Thursday, October 8, 2016

As we left the hotel, we had a plan—to take the coastal route as we moved north in Maine.  Before we were five minutes from the hotel, I discovered a yarn shop—a quaint, cedar-shake cottage housing a wonderful array of yarns and needles, a sweet pooch, and a welcoming proprietor.  We were delayed about 30 minutes while I had a good chat with the owner and found some yarn and needles that I had to have.  Keep in mind—I had my knitting bag in the car with two projects already started and two new balls of yarn!
The Yarn Sellar - York ME

The coastal road (Rt. 103) along York Harbor was such a wonderful find!  What a happy place to spend several hours enjoying the exquisite views.  This town is so generous with public access to the sea.  A low rocky wall lines the edge of the beach, separating it from the sidewalk and roadway.  Tide was in and the surf slapped up against those rocks. 


 








This went on for at least a mile and ended in a small commercial area that included public parking and clean, well-maintained public restrooms, right along the beach.  We spotted the Goldenrod Kisses restaurant and headed in that direction for a late lunch, curious about its name.  Turns out, it was started in 1896 as a place that sold homemade pulled taffy kisses, thus its name.  Candy cases full of many different flavors of taffy and other sweet delicacies, met us as we walked in and worked our way to the rustic dining area.

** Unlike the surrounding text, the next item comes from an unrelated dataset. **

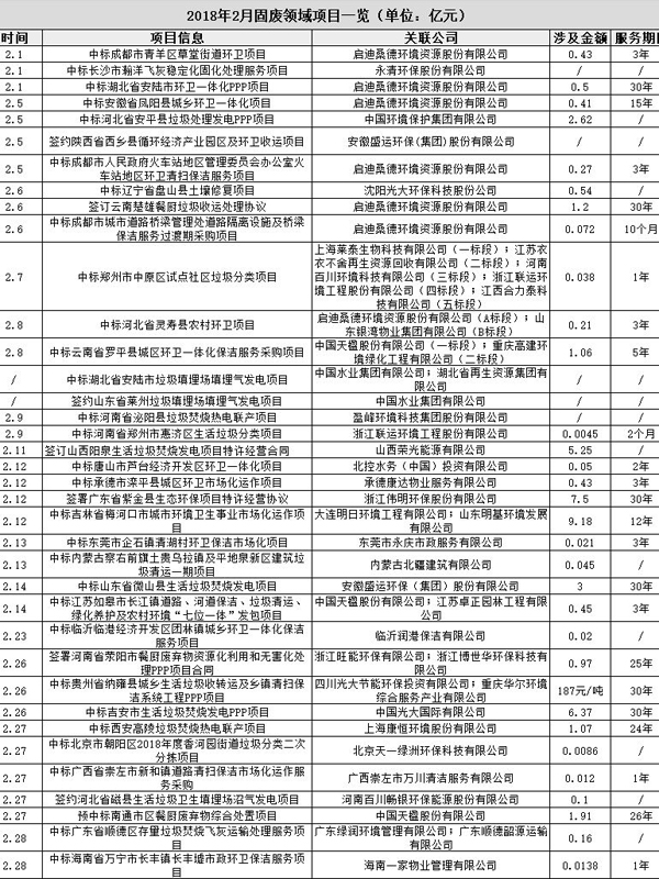 ? ? 據中國固廢網(wǎng)不完全統計,2018年1月固廢領(lǐng)域落地的項目高達55個(gè),涉及總金額逾120億元(詳情請點(diǎn)擊:1月固廢市場(chǎng)盤(pán)點(diǎn):55個(gè)項目落定,涉及金額逾120億元)。2018年2月,即使處在春節放假期間,固廢領(lǐng)域落地的項目也足有37個(gè),涉及金額超過(guò)43.91億元。其中包括垃圾分類(lèi)項目3個(gè)、垃圾焚燒發(fā)電項目7個(gè)、環(huán)衛項目15個(gè)、土壤修復項目1個(gè)、餐廚處理項目3個(gè)、垃圾清運項目3個(gè)、飛灰處理項目2個(gè)以及垃圾填埋場(chǎng)項目3個(gè)。另外,統計內,本月沒(méi)有釋放危廢處理項目。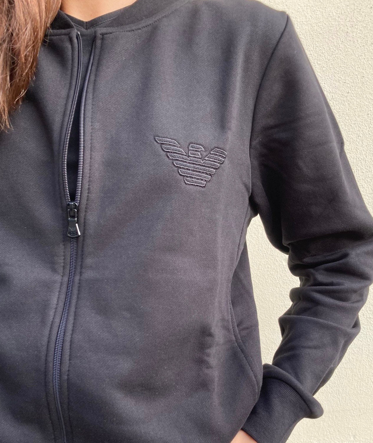 Tuta donna emporio armani composta da una felpa con zip e senza cappuccio con logo laterale altezza petto, abbinata ad un pantalone con elastico in vita e ampio, con una vestibilità morbida adatta a tutte le forme.

Our next stop took us through a neighborhood with beautiful homes overlooking the ocean that led us to the Nubble Lighthouse, which seemed to be saying, “take my picture.”  We sat in awe on a rocky cliff in the sunshine and soft breeze, listening to the waves crashing and watching the ocean spray bounce off the rocks, and the lighthouse standing guard over it all.  What a day!


As we left this charming place and continued our journey north along the coast, we encountered trendier towns, more pristine places.  We tried to get glimpses of the water but discovered barriers—closely planted trees or hedges or walls or fences.  We happened upon what looked like the possibility for another adventure along the water, only to discover that the fee to park was $12!  We kept going and found a parking area with a beautiful view—“Permit Parking Only.”  At that point, we decided to move away from the seaside and head toward the Maine woods, saddened with the thought that some people could own and monopolize the coast, but, also keeping in mind we might feel differently if it was our seaside.


On our way north, L.L. Bean beckoned.  We were there 29 years ago in the middle of the night after we arrived by ferry in Bar Harbor from Nova Scotia and had no reservations--couldn't find a campsite or hotel room, so we drove until we found L.L. Bean, a haven in the night.  People were shopping; sales people were helping.  Things have changed here over the years.  It now looks like a college campus with a courtyard between its stores.  The first store we entered contained furniture, décor, kitchen items, etc.  We walked across "campus" to the fishing, outdoor, and clothing store.  A beautiful, welcome setting; however, even the items on sale were very pricey.  I looked at a $64.95 shirt on the sale rack, and it was marked down to $59.95.

We are spending the night in Augusta, Maine’s capital, and will have a two-hour drive to our destination in the woods tomorrow.